Despite speculation, EU not set to defy U.S. by lifting arms embargo on China     Print Email
Thursday, 06 January 2011

Reports of renewed efforts by France and some other member states to modify the EU’s boycott on weapons sales to China have been met with firm denials in Brussels that any change is imminent in the European stance. “The timing is wrong: it would make little difference to Beijing at this point, but it could do real damage in Washington at a moment when Europe might be able to score its biggest-ever transatlantic military sale in the EADS airborne refueling tanker,” according to a European expert. Any shift in favor of the Chinese military would probably arouse a strong anti-European backlash in the new Congress, he said.

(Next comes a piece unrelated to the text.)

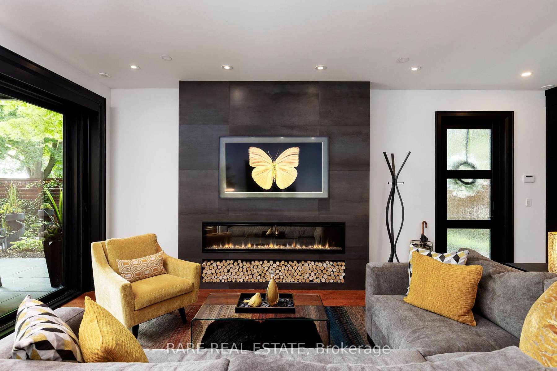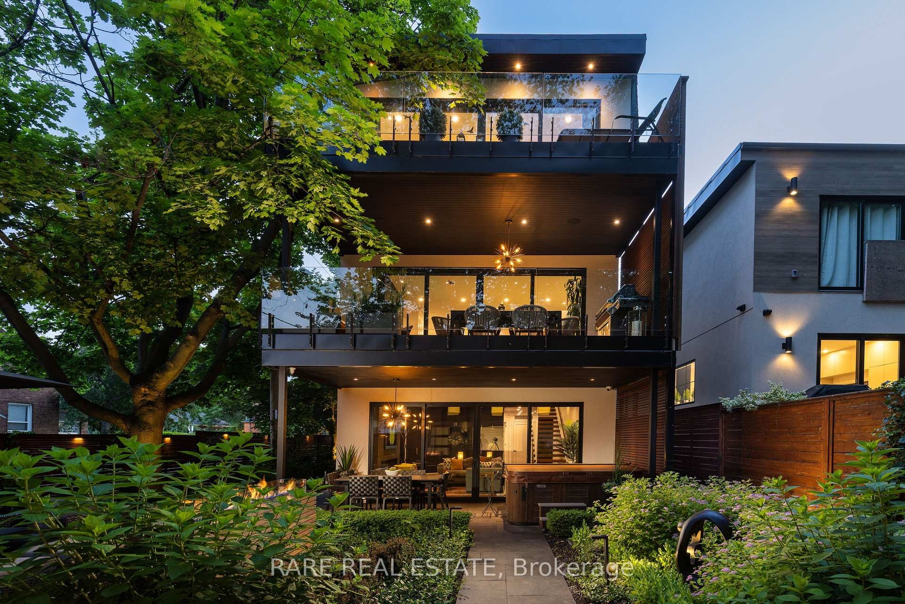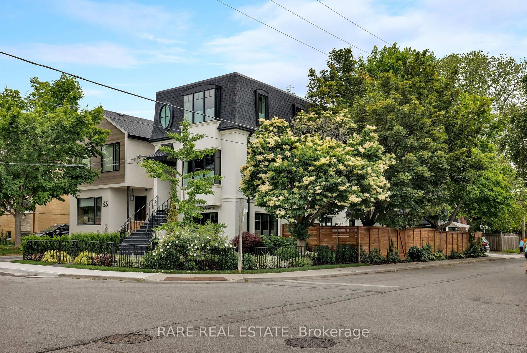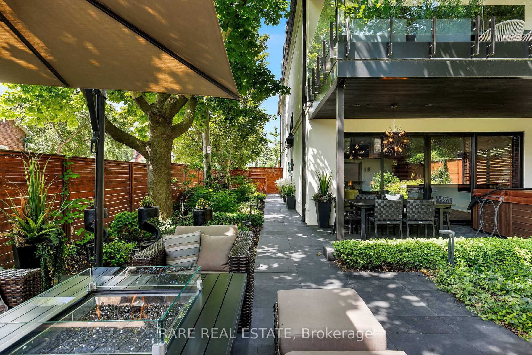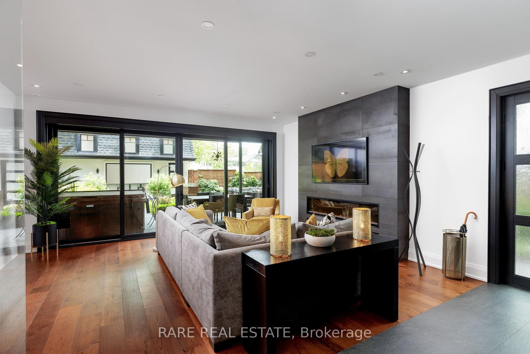 A stunning work of art. A custom home, built with a passion for design and architecture, and attention to every detail. Situated on a majestic corner lot with picturesque landscaping, wide backyard, views of the water and steps to the waterfront parks and Lake Shore shops. Fully custom home with 3,672 sqft above grade space, no basement, 9 foot ceilings on all levels and 5 above grade bedrooms. A home where luxury and warmth come together. Every inch of this home has been masterfully curated with the finest quality finishes and technologies, creating a space that is both breathtaking and inviting. Fully open main level with floating wood and glass staircase that fills the room with sunlight. Designer kitchen with a massive 10 ft kitchen island, and 5 foot Galley Kitchen workstation sink with triple faucets. Double door walk out to the covered terrace overlooking the backyard gardens. Luxurious and relaxing primary suite with views of the sunrise over the water and a walk out to the terrace set within the treetops. Complete with his walk-in closet and her walk-in dressing room with custom wall to wall cabinets and makeup vanity. The backyard's professionally designed landscaping envelops the home in natural beauty and privacy, a cottage setting in the city. The garage completes the outdoor entertaining with a cabana bar glass garage door and rough in mini kitchen. Rough-in kitchen on lower level for in-law suite. An abundance of features and technology for comfortable everyday living and elevated entertaining. Hi-Velocity heat/cool air system with 4 thermostat control zones (1st floor, 2nd floor, 3rd floor, Principal suite). 6 zone in-floor radiant heating on ground level and full bathrooms. Voice & phone controlled smart home integration with custom Lutron lighting control system and Sonos sound system. 3 Samsung 65 inch Frame TVs integrated into the fireplace walls with Sonos play bars. See full feature list. Dressing room can be converted back to the 5th bedroom.
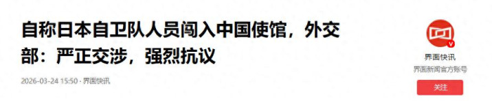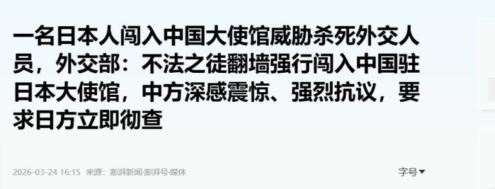 与此同期,据路透社3月24日报谈,日本政府拟在年度酬酢蓝皮书中,将中日干系从“最要紧的双边疆系之一”下调为“要紧邻国”,官方层面主动裁汰双边疆系优先级。淹没天,别称日本东谈主翻墙闯入中国驻日大使馆,佩戴刀具要挟伤害中海酬酢东谈主员,这一恶性事件进一步加重了垂危氛围。

American policy has strongly resisted any weakening in the EU ban on arms sales to China, which was imposed in 1989 after the violent repression imposed on the Tiananmen Square protests.

Tactically, there are strong attractions at this juncture for the EU to offer an olive branch to Beijing – and perhaps even for the Obama administration to signal that it might ease its pressure against any EU move to open loopholes in its embargo.

Last week China made it public that it is helping the eurozone countries in their financial crisis by continuing to buy bonds issued by Portugal (and probably Spain, too). And China’s President Hu Jintao is making an important state visit to Washington this month. The context of all these overtures is China’s bid to be treated as a “normal” new power by the existing major powers. In reality, that is probably the main objective of China’s continuing campaign against the arms embargo,

But China’s poor record in human rights (highlighted by its fury at the Nobel prize award to a Chinese dissident) have poisoned the climate for any imminent reconsideration of Western reluctance to discuss a change in the highly symbolic embargo. The European Parliament has been a strong and steady voice in keeping attention focused on this issue – one that some governments would be ready to downplay.

What does China really need militarily that the West is likely to supply? China just unveiled a stealth aircraft that it claims to have build indigenously: in practice, it was probably done with help from Russia. (The Europeans or Americans would not have sold this technology anyway, even if there were no embargo, but Russian arms exports give China an alternative to Europe and the U.S.)

As Chinese officials continue their public campaign for the embargo to be relaxed or rescinded, what can they be expecting to buy, realistically speaking? "Well, they might be hoping to buy almost anything, particularly after seeing France sell Russia an advanced amphibious assault ship this year," according to a researcher at the Washington-based Globalsecurity.com. "Certainly they would be shopping for advanced command and control technologies, and anything they can acquire will raise the bar for the U.S. in trying to maintain its naval superiority in that region."

The real problem is not so much military as political. U.S. policy on arms to China may still reflect what are possibly exaggerated fears about contemporary China’s threat to Taiwan. But that is a political reality in the U.S. – and one that can be applied by extension to more realistic problems such as China’s ambitions in the South China sea or its frictions with Japan.

Chinese behavior towards pro-Western countries in the region remains a real concern for Washington, especially at a time when the U.S. wants to cut its defense budget, not expand it for contingencies in Asia. Ignoring these issues, EU countries such as France and Spain have recently said that the arms ban is outdated because of China’s economic rise. The EU’s foreign policy chief, Catherine Ashton, has stated that the arms ban is “a major impediment”   to her hopes for improving European strategic relations with China. For the moment, Britain seems to be the EU member state with the strongest objections to any shift on the embargo at this point – just as it was the main obstacle to earlier attempts by many EU countries to lift the embargo in 2006.

Then as now, the problem in moving forward – both for Ms Ashton and leaders such as France’s President Sarkozy and for the Obama administration – is that there is still no real dialogue in the West on what positions to take in hopes of influencing China into a more cooperative relation. When asked about how much transatlantic dialogue exists on this issue, a European diplomat replied “none at all.” That is hardly surprising, he added, when you realize that there is no serious common work on this question among EU member states themselves.